BEGIN Data to use

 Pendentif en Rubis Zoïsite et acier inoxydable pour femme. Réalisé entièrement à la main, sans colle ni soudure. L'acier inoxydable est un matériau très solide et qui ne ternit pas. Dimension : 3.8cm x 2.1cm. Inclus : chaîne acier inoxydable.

END Data to use
BEGIN Data to use

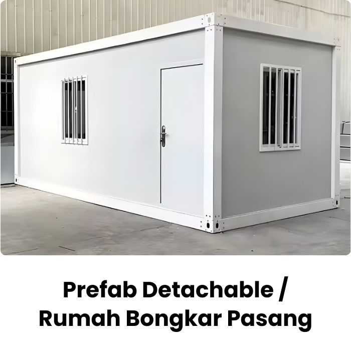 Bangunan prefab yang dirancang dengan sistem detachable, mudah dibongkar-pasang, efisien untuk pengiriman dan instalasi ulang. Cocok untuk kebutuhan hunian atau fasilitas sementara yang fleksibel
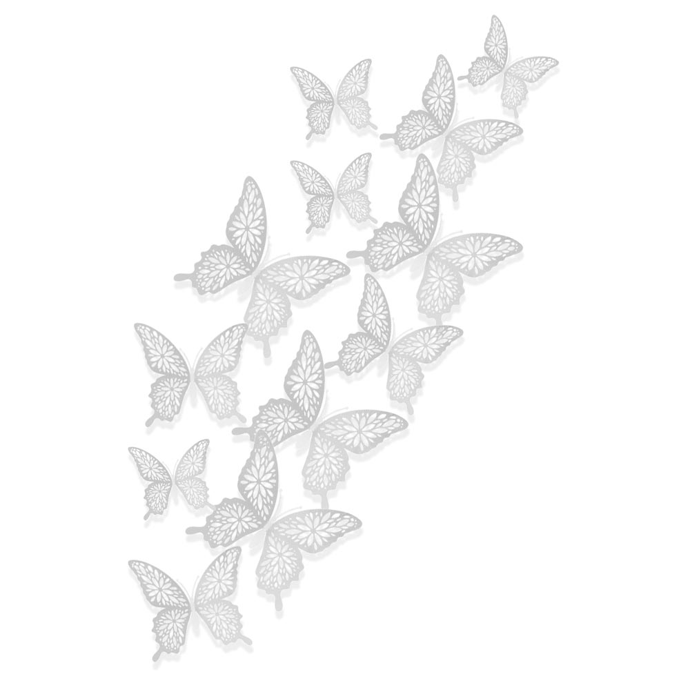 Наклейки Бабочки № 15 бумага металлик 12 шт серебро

END Data to use
BEGIN Data to use

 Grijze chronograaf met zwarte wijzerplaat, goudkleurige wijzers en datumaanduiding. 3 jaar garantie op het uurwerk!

END Data to use

- What to do -
Starting at the line above that has "Bangunan prefab yang" and ending at the line that has "Наклейки Бабочки №", copy each line exactly, leaving the pictures out and adding nothing.

- Result -
 Bangunan prefab yang dirancang dengan sistem detachable, mudah dibongkar-pasang, efisien untuk pengiriman dan instalasi ulang. Cocok untuk kebutuhan hunian atau fasilitas sementara yang fleksibel
 Наклейки Бабочки № 15 бумага металлик 12 шт серебро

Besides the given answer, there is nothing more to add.